--- Given entries Enclosed Below ---
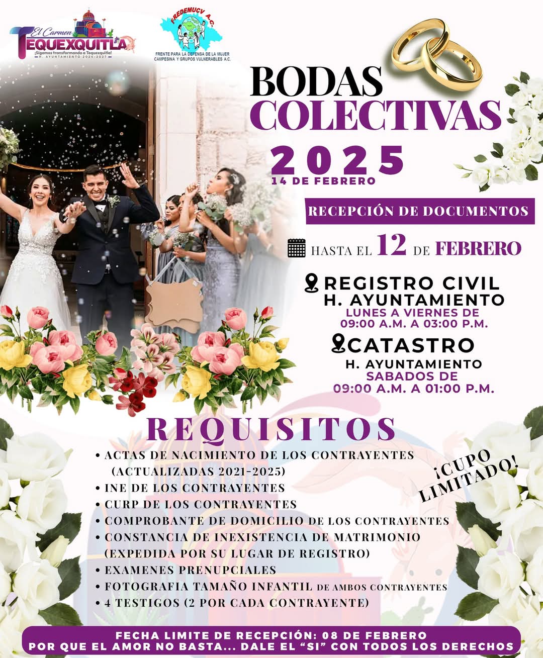 👰🏻♀️🤵🏻♂️💍‼️EN TEQIEXQUITLA BODAS COLECTIVAS 2025 ULTIMOS LUGARES‼️💍👰🏻♀️🤵🏻♂️
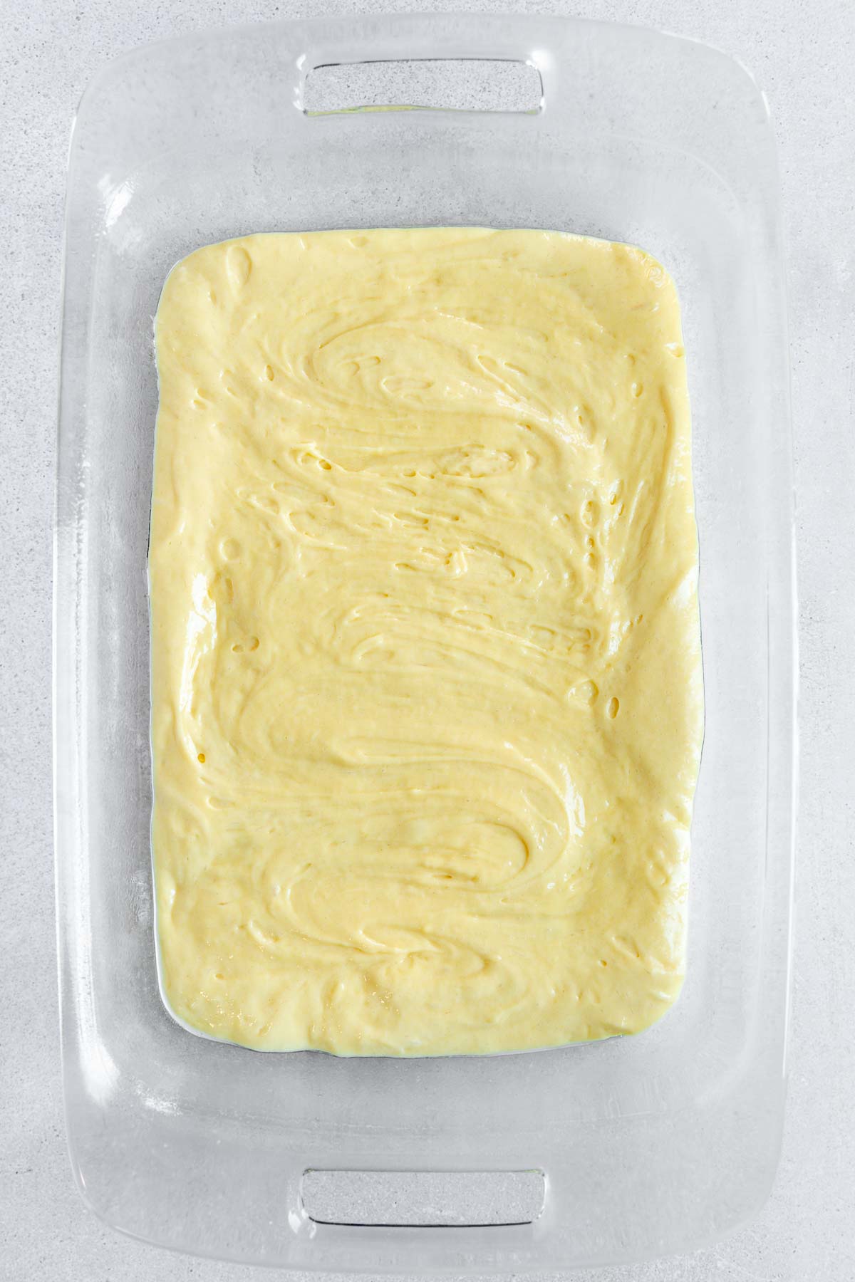 - Layer it up: Pour half the cake batter into a greased 9×13″ pan, sprinkle the cinnamon sugar evenly over the top, then finish with the rest of the batter. Gently spread to cover.
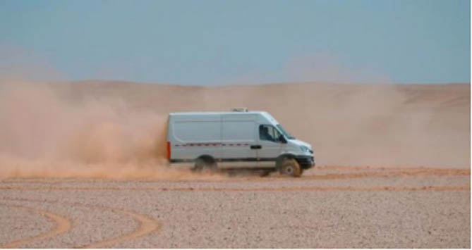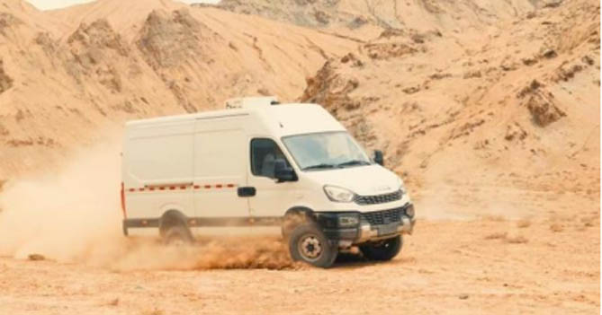 來到格爾木,依維柯歐霸·山海、歐霸·雷霆的表現著實令人驚喜。3.0T發動機,功率可達132KW(179馬力),輸出扭矩高達430N·m,動力強勁,為車輛在沙地中提供了源源不斷的推進力。在沙地行駛時,全時四驅系統能夠根據車輪的附著力狀況,結合前橋、中央、后橋三把差速鎖,精準地將動力分配到各個車輪,讓車輪始終保持良好的抓地力,避免出現陷入沙地空轉的情況,穩步前進。
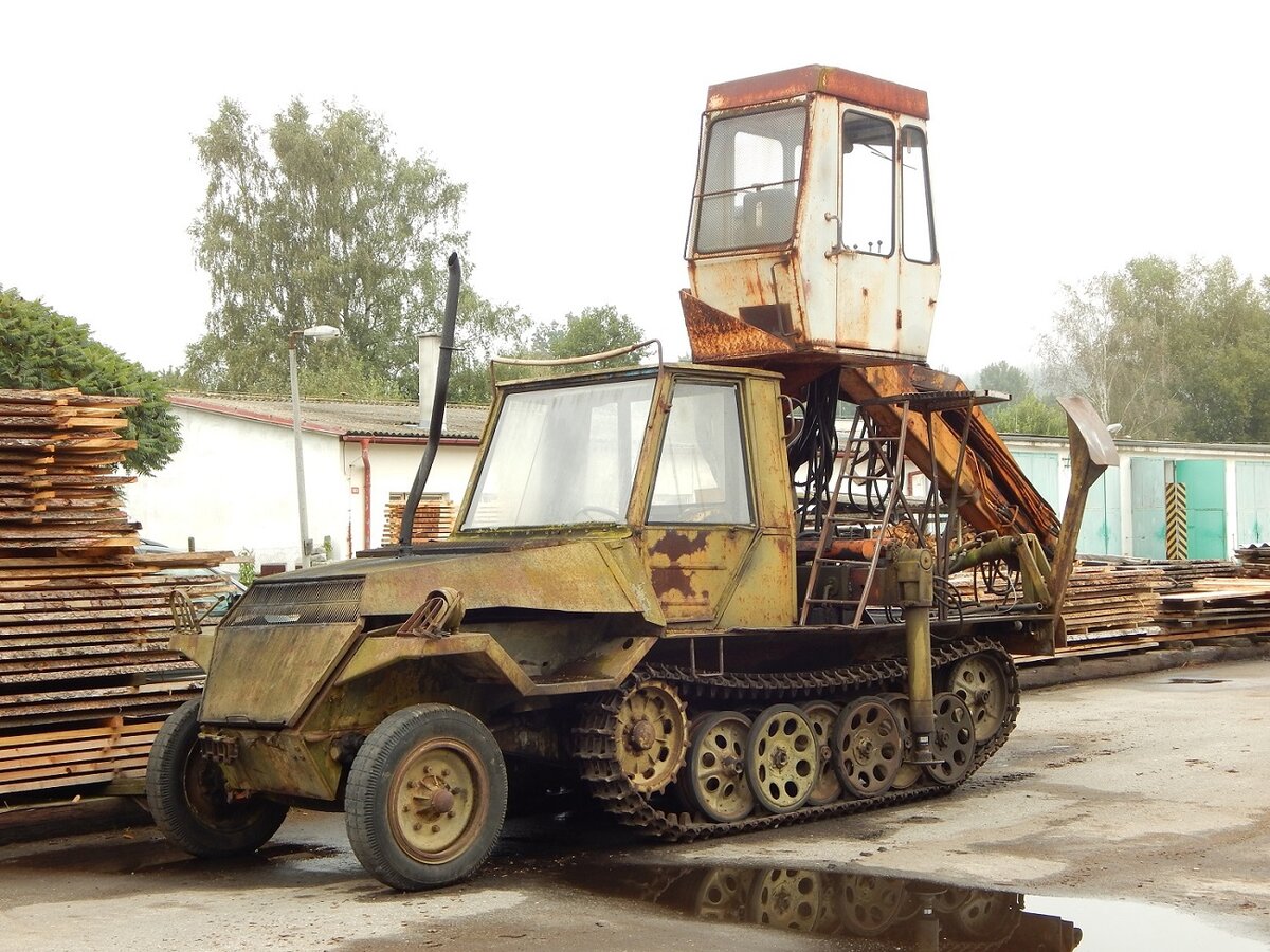 Списанный немецкий полугусеничный тягач превратили в погрузчик для пиломатериалов
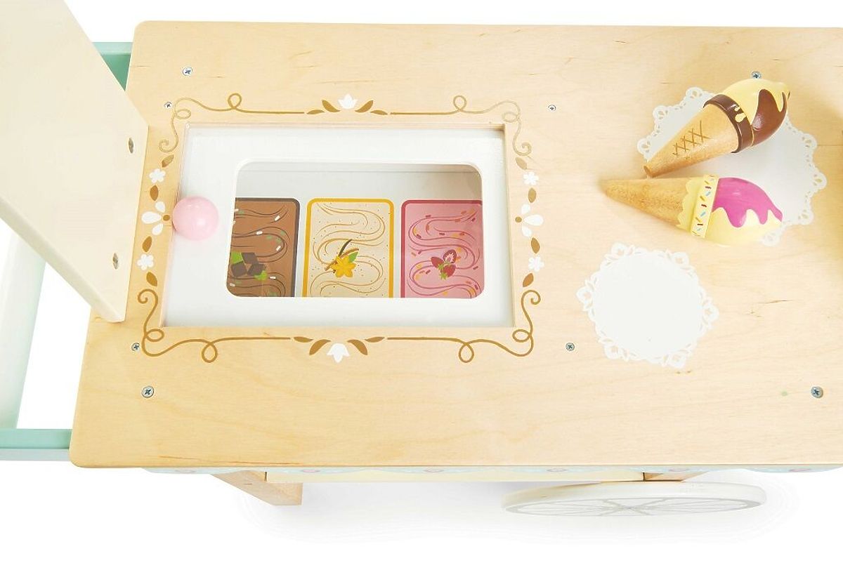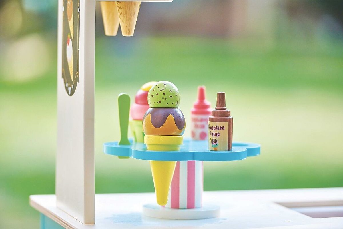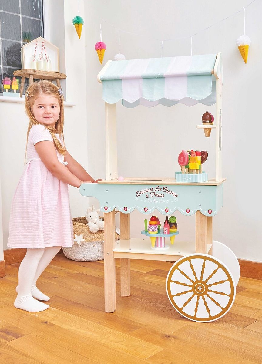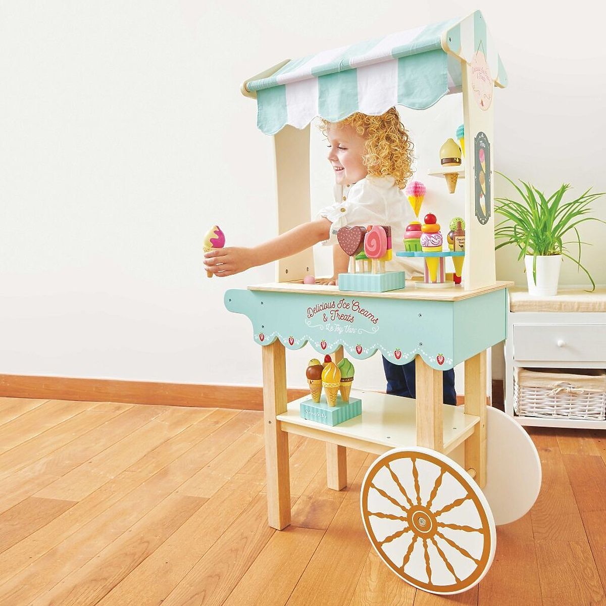 Poletna osvežitev! S stilskim vozičkom za sladoled, ki ga danes res redko vidimo, se lahko otroci igrajo sladoledarja in sladoledarko. Retro voziček za sladoled je popoln za domišljijsko igro v otroški sobi ali na vrtu. Klasičen črtast tkan baldahin, pastelne barve in zlate podrobnosti, ta resnično edinstvena igrača je izdelana iz trajnostnega lesa in oblikovana tako, da bo zdržala mnogo let domišljijske igre. Ima veliko realističnih funkcij, ki jih otroci lahko odkrivajo med igro. Predal za led z drsnimi vrati, ki razkrijejo ilustracije klasičnih okusov sladoleda, dva magnetna sladoledna korneta, premična kolesa, ki omogočajo serviranje sladoleda kjerkoli. Igrače z namenomVse igrače podjetja Le Toy Van so narejene z namenom - da dolgo trajajo. Oblikovane z ljubeznijo izkušenih obrtnikov z uporabo etičnih praks in trajnostnih materialov, ki so prijaznejši do našega planeta. Glavne značilnosti: etično izdelano iz trajnostnega lesapreverjeno po najstrožjih standardihpobarvano z netoksičnimi barvami na vodni osnovispodbuja domišljijsko igroprimerno za igro vlogigrača je prejela nagrade Nagrade za igrače:Right Start Top Investment Award 2019Right Start Winner 2019Good Toy Guide Recommended Honeybake kolekcija: Igrače v tej kolekciji so primerne za raziskovanje, pomagajo otrokom pri razvoju domišljije, socialnih in verbalnih veščin ter kognitivnih funkcij. Tradicionalna zasnova z modernimi podrobnostmi bo zagotovo zabavala otroke. Honeybake je kolekcija Le Toy Van, ki je prejela največ nagrad, in sicer za oblikovanje, kakovost, varnost ter tudi za izobraževalno in igralno vrednost.
--- End of Enclosed Given entries ---
Task goal: Reproduce the data above line for line, from its first line through the line containing "- Layer it up: Pour", both ends included, with the pictures omitted and nothing more.

Response box:
 👰🏻♀️🤵🏻♂️💍‼️EN TEQIEXQUITLA BODAS COLECTIVAS 2025 ULTIMOS LUGARES‼️💍👰🏻♀️🤵🏻♂️
 - Layer it up: Pour half the cake batter into a greased 9×13″ pan, sprinkle the cinnamon sugar evenly over the top, then finish with the rest of the batter. Gently spread to cover.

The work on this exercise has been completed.